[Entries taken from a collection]
# # #

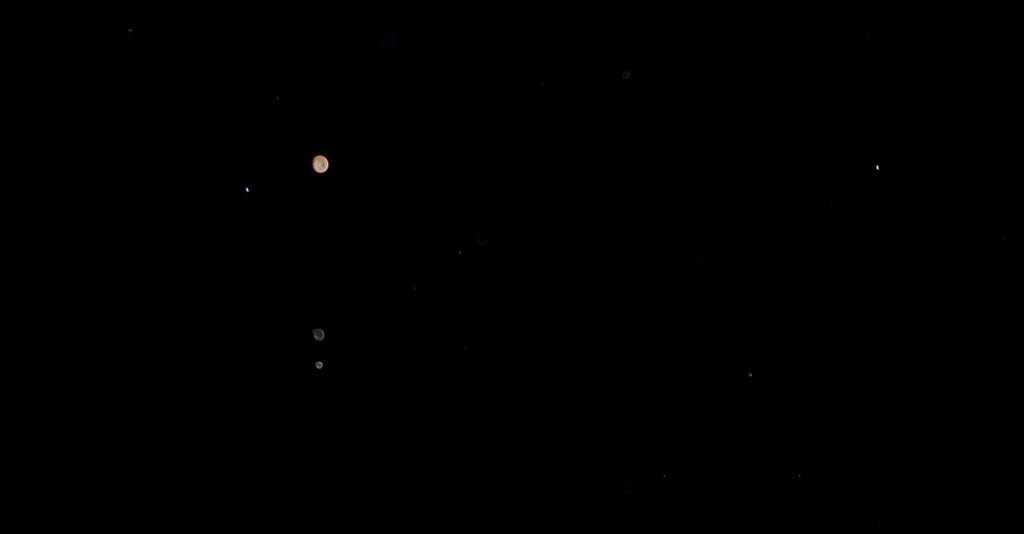 On January 11th, these three orbs appeared in a vertical formation, between Sirius and Wezen, with that same peachy tone at the top. Enlarged, there’s a visible figure with arms outstretched as though for a hug, or waving excitedly. 😊
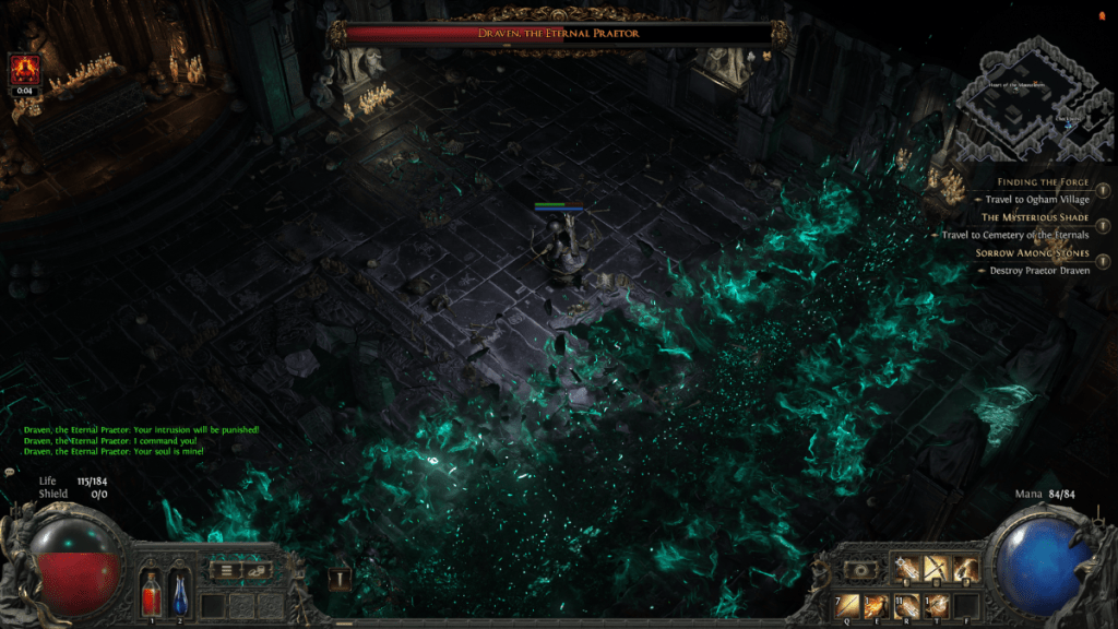 The fight with Draven in Path of Exile 2 starts off simple enough. He has two moves, a wide swing that fires a fan of green projectiles, and a multi-part combo. Ranged characters should be able to kite him fairly easily, while Melee uses will need to dodge and block his combo and get behind him to avoid the fan.
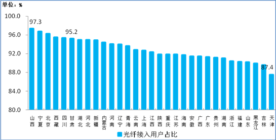西部光纤接入用户渗透率领先。截至11月底,东、中、西和东北部地区光纤接入用户分别达到18417万户、10107万户、10759万户和2494万户,占本地区固定互联网宽带接入用户总数的比重分别为91.5%、93.3%、93.5%、91.6%,西部地区占比小幅领先。各省光纤接入用户占比差异继续缩小,山西、宁夏、北京、西藏、四川和甘肃居前六位,占比均超过95%。
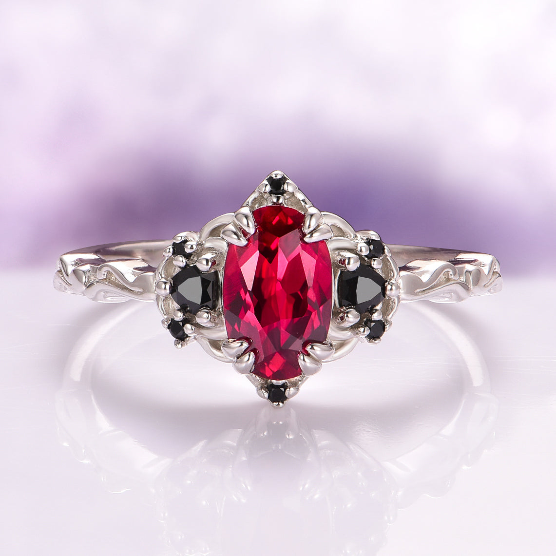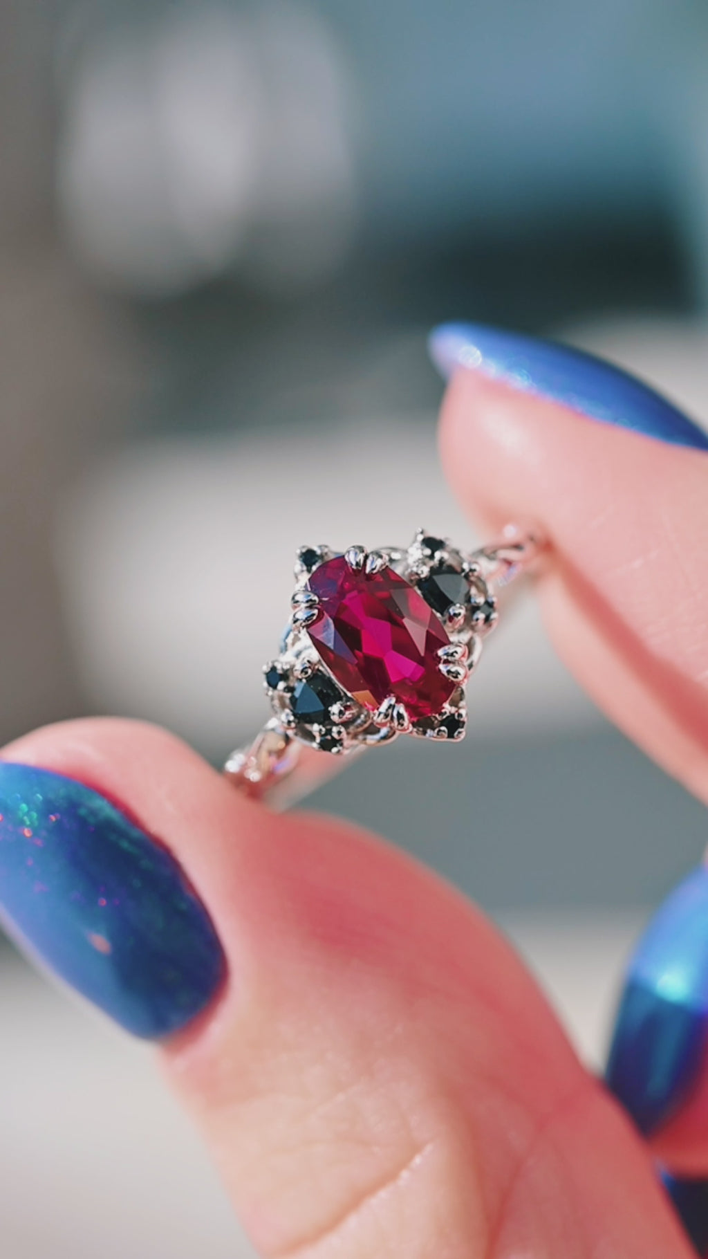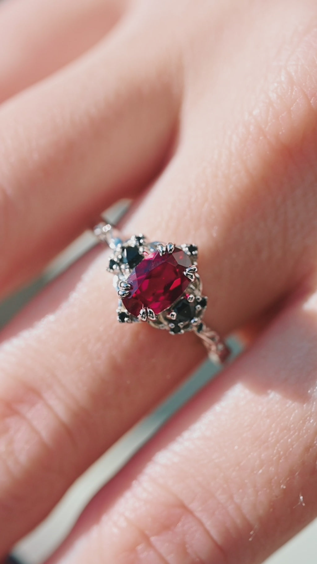 ► Ruby is celebrated for its intense pinkish red hue and exceptional clarity, symbolizing passion, strength, and enduring love. Paired with deep black onyx accents, cherished for their grounding and protective qualities, this ring evokes a bold sense of romance and resilience. Ideal for lovers of fantasy-inspired jewelry, fairycore engagement rings, or meaningful gemstone gifts, the Esme Ring offers an unforgettable expression of love.
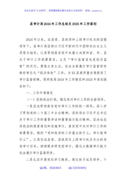 / 县审计局2024年工作总结及2025年工作谋划
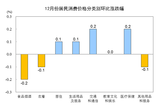12月份,全國居民消費價格環(huán)比持平。其中,城市持平,農(nóng)村下降0.1%;食品價格下降0.4%,非食品價格上漲0.1%;消費品和服務(wù)價格均持平。
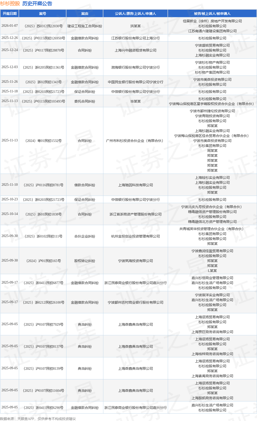 案号:(2025)浙0205民初11361号根据统计,近一年内以杉杉控股有限公司为当事人的历史开庭公告有105则,其中案由为“金融借款合同纠纷”的公告以38则居首,其次为“典当纠纷”有14则,“请求变更公司登记纠纷”有7则。历史开庭公告(前20条)如下:
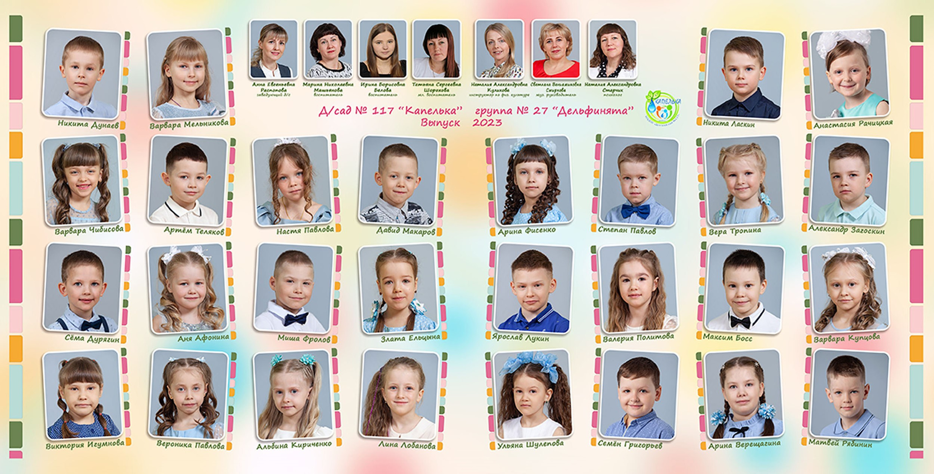 - виньетка с друзьями и воспитателями 20*40 см
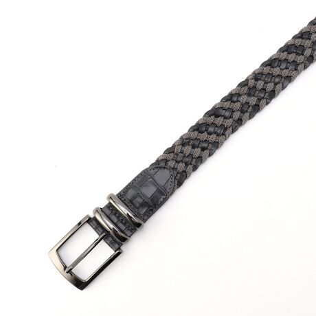 職人の手によってタンニン鞣しされたクロコ型押しのイタリアンレザーと、日本製ナイロンテープを組み合わせた高級感あるメッシュベルトです。バックルとW使いのサルカンはブラックニッケルのメタルパーツを使用することで、より一層上質な印象に。カジュアルからドレススタイルまで合わせを問わずにご着用いただけます。
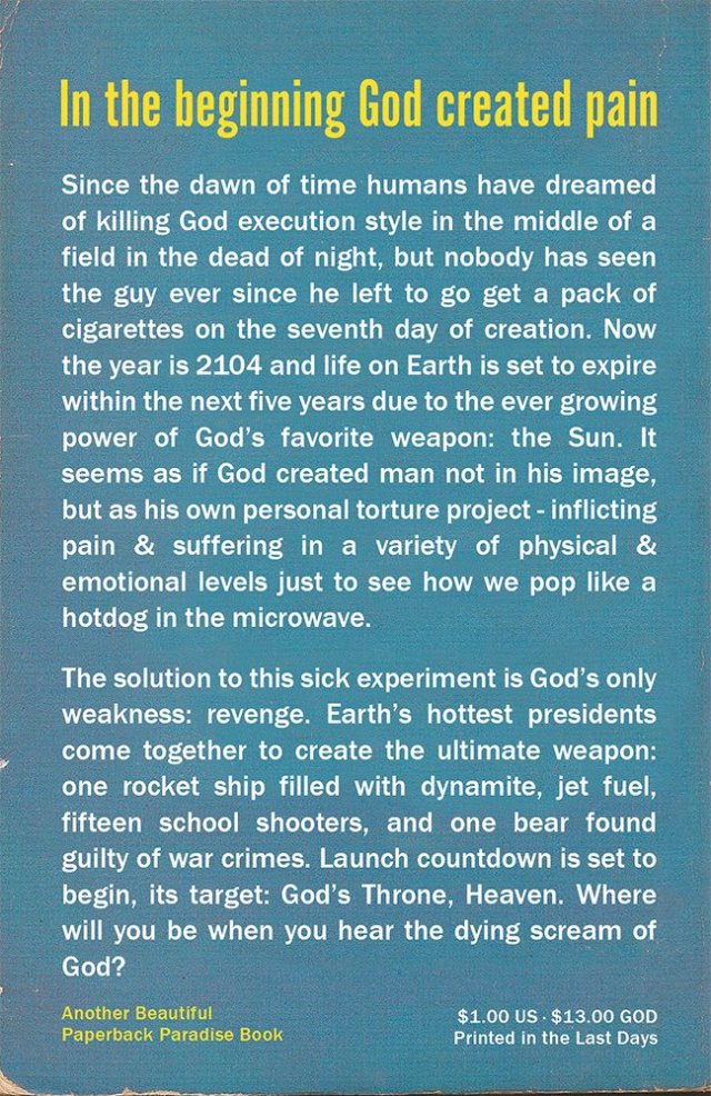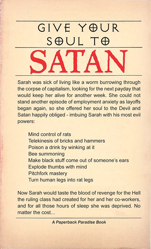 It’s always a happy day when a Tweet from Paperback Paradise pops up in my Twitter feed. I know that I’ve posted about the project before, but one can never have enough bibliophile humor. The graphic designer Domi creates the wildly popular Twitter and Instagram accounts @PaperbackParadise. He sources real paperback books that he then reworks on Photoshop. His parodies typically come with a helping of absurdist dark humor. Not for the faint of heart, Paperback Paradise can be raunchy, crude or even morbid. Domi finds humor in places others might not go.
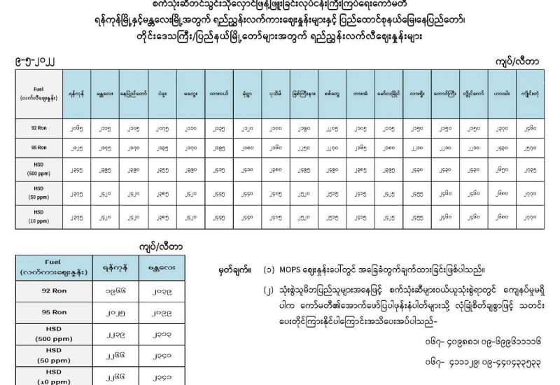 စက်သုံးဆီတင်သွင်းသိုလှောင်ဖြန့်ဖြူးခြင်းလုပ်ငန်းကြီးကြပ်ရေးကော်မတီ ရန်ကုန်မြို့နှင့်မန္တလေးမြို့အတွက် ရည်ညွှန်းလက်ကားဈေးနှုန်းများနှင့် ပြည်ထောင်စုနယ်မြေ၊ နေပြည်တော်၊ တိုင်းဒေသကြီး/ပြည်နယ်မြို့တော်များအတွက် ရည်ညွှန်းလက်လီဈေးနှုန်းများ
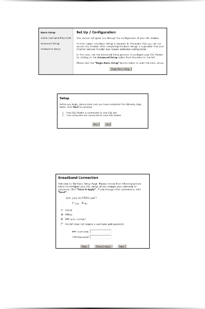 vided by the ISP by clicking in the circle next to PPPoA or PPPoE. If unsure
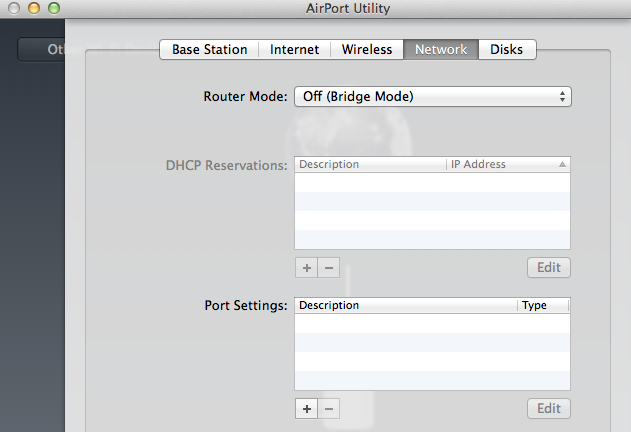 2) Going into the wireless settings for all the devices on my network (2 iphones, 2 macbooks, an apple tv, and an ipad2) and setting them up to use the same manual IP as I specified for them in the TC.
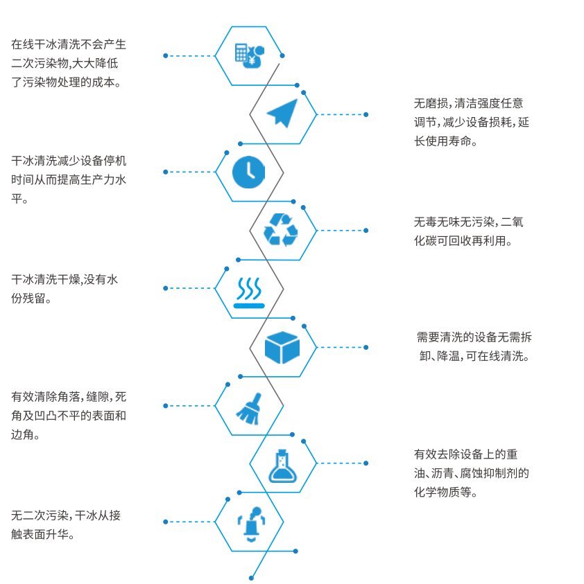 万通干冰清洗技术具备环保无毒,可以降低停工工时,减少设备损坏,有效的清洗高温的设备,减少或降低溶剂的使用,增进保养效率,减少生产停工期、降低成本、提高生产效率的优势。
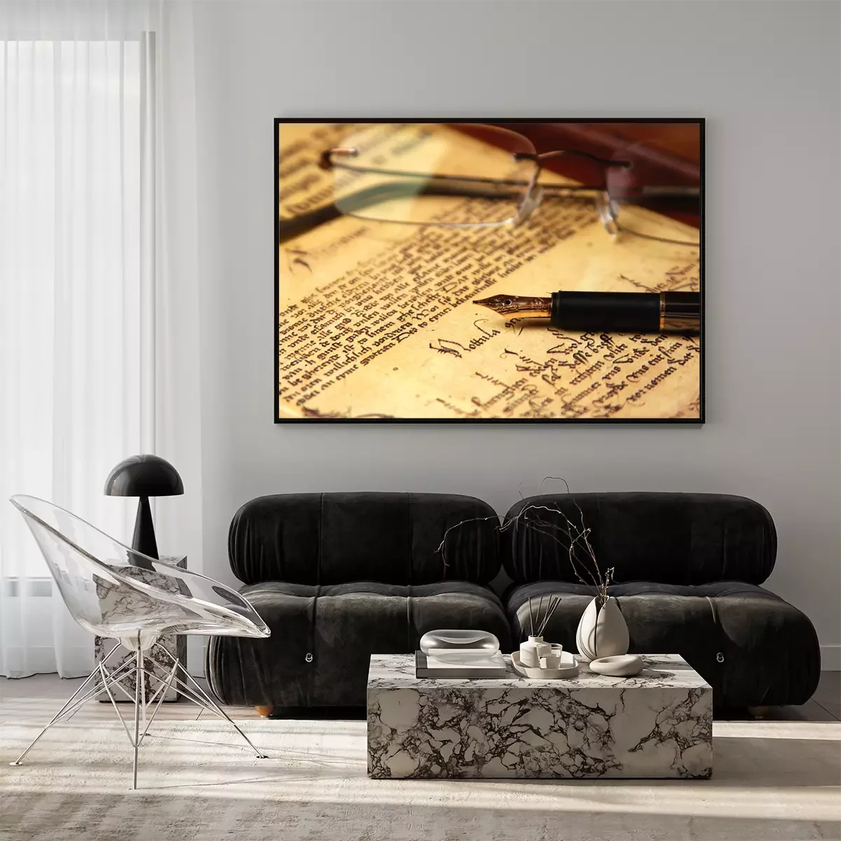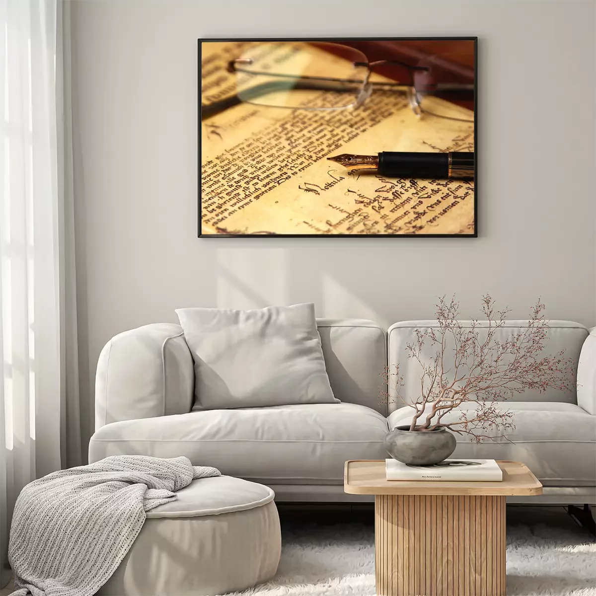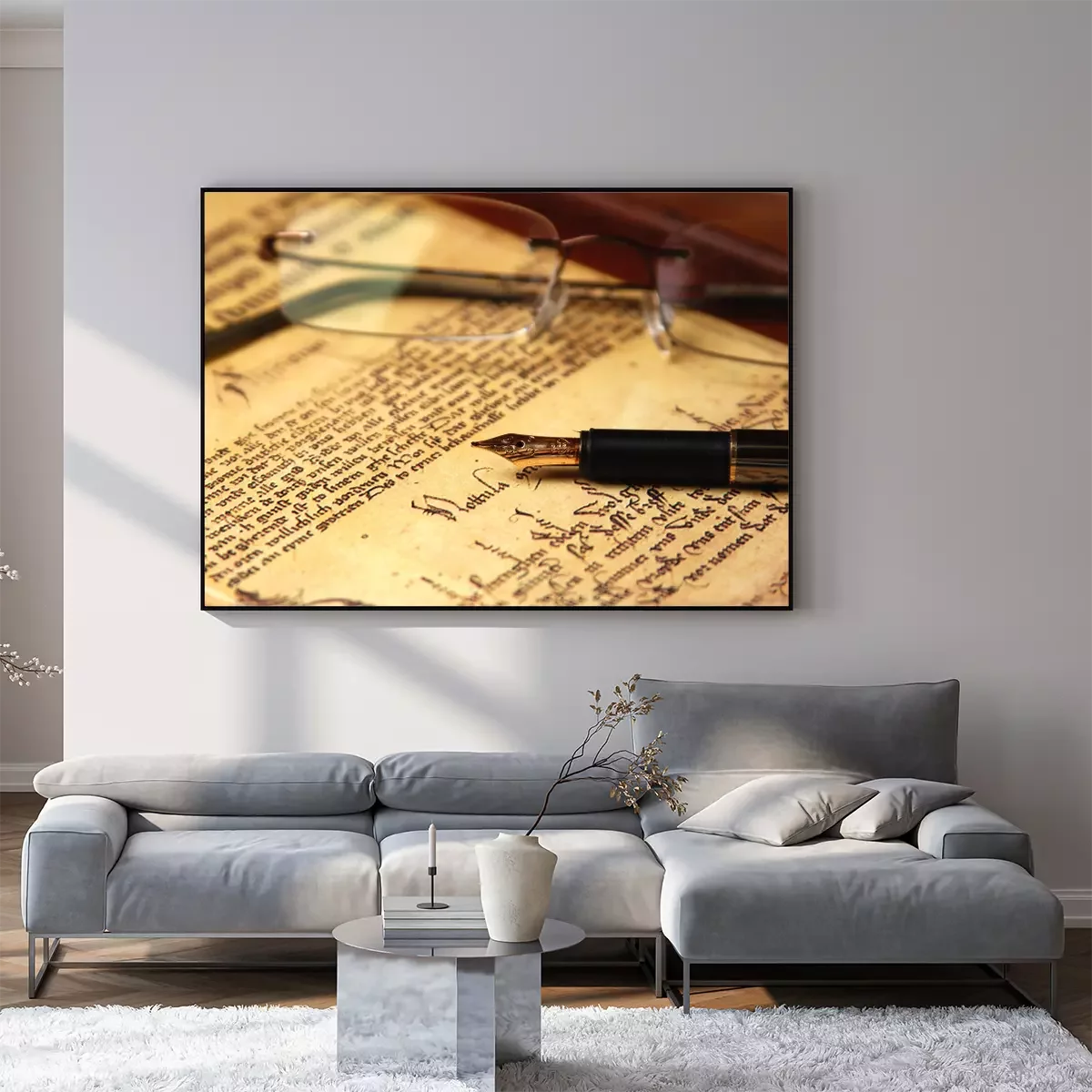 Poster: Feder und Brille auf ein Buch gelegt

# # #

### Directions
Your task is to retype all the entries exactly and leave out any pictures.

### Reply to the task
 On January 11th, these three orbs appeared in a vertical formation, between Sirius and Wezen, with that same peachy tone at the top. Enlarged, there’s a visible figure with arms outstretched as though for a hug, or waving excitedly. 😊
 The fight with Draven in Path of Exile 2 starts off simple enough. He has two moves, a wide swing that fires a fan of green projectiles, and a multi-part combo. Ranged characters should be able to kite him fairly easily, while Melee uses will need to dodge and block his combo and get behind him to avoid the fan.
西部光纤接入用户渗透率领先。截至11月底,东、中、西和东北部地区光纤接入用户分别达到18417万户、10107万户、10759万户和2494万户,占本地区固定互联网宽带接入用户总数的比重分别为91.5%、93.3%、93.5%、91.6%,西部地区占比小幅领先。各省光纤接入用户占比差异继续缩小,山西、宁夏、北京、西藏、四川和甘肃居前六位,占比均超过95%。
 ► Ruby is celebrated for its intense pinkish red hue and exceptional clarity, symbolizing passion, strength, and enduring love. Paired with deep black onyx accents, cherished for their grounding and protective qualities, this ring evokes a bold sense of romance and resilience. Ideal for lovers of fantasy-inspired jewelry, fairycore engagement rings, or meaningful gemstone gifts, the Esme Ring offers an unforgettable expression of love.
 / 县审计局2024年工作总结及2025年工作谋划
12月份,全國居民消費價格環(huán)比持平。其中,城市持平,農(nóng)村下降0.1%;食品價格下降0.4%,非食品價格上漲0.1%;消費品和服務(wù)價格均持平。
 案号:(2025)浙0205民初11361号根据统计,近一年内以杉杉控股有限公司为当事人的历史开庭公告有105则,其中案由为“金融借款合同纠纷”的公告以38则居首,其次为“典当纠纷”有14则,“请求变更公司登记纠纷”有7则。历史开庭公告(前20条)如下:
 - виньетка с друзьями и воспитателями 20*40 см
 職人の手によってタンニン鞣しされたクロコ型押しのイタリアンレザーと、日本製ナイロンテープを組み合わせた高級感あるメッシュベルトです。バックルとW使いのサルカンはブラックニッケルのメタルパーツを使用することで、より一層上質な印象に。カジュアルからドレススタイルまで合わせを問わずにご着用いただけます。
 It’s always a happy day when a Tweet from Paperback Paradise pops up in my Twitter feed. I know that I’ve posted about the project before, but one can never have enough bibliophile humor. The graphic designer Domi creates the wildly popular Twitter and Instagram accounts @PaperbackParadise. He sources real paperback books that he then reworks on Photoshop. His parodies typically come with a helping of absurdist dark humor. Not for the faint of heart, Paperback Paradise can be raunchy, crude or even morbid. Domi finds humor in places others might not go.
 စက်သုံးဆီတင်သွင်းသိုလှောင်ဖြန့်ဖြူးခြင်းလုပ်ငန်းကြီးကြပ်ရေးကော်မတီ ရန်ကုန်မြို့နှင့်မန္တလေးမြို့အတွက် ရည်ညွှန်းလက်ကားဈေးနှုန်းများနှင့် ပြည်ထောင်စုနယ်မြေ၊ နေပြည်တော်၊ တိုင်းဒေသကြီး/ပြည်နယ်မြို့တော်များအတွက် ရည်ညွှန်းလက်လီဈေးနှုန်းများ
 vided by the ISP by clicking in the circle next to PPPoA or PPPoE. If unsure
 2) Going into the wireless settings for all the devices on my network (2 iphones, 2 macbooks, an apple tv, and an ipad2) and setting them up to use the same manual IP as I specified for them in the TC.
 万通干冰清洗技术具备环保无毒,可以降低停工工时,减少设备损坏,有效的清洗高温的设备,减少或降低溶剂的使用,增进保养效率,减少生产停工期、降低成本、提高生产效率的优势。
 Poster: Feder und Brille auf ein Buch gelegt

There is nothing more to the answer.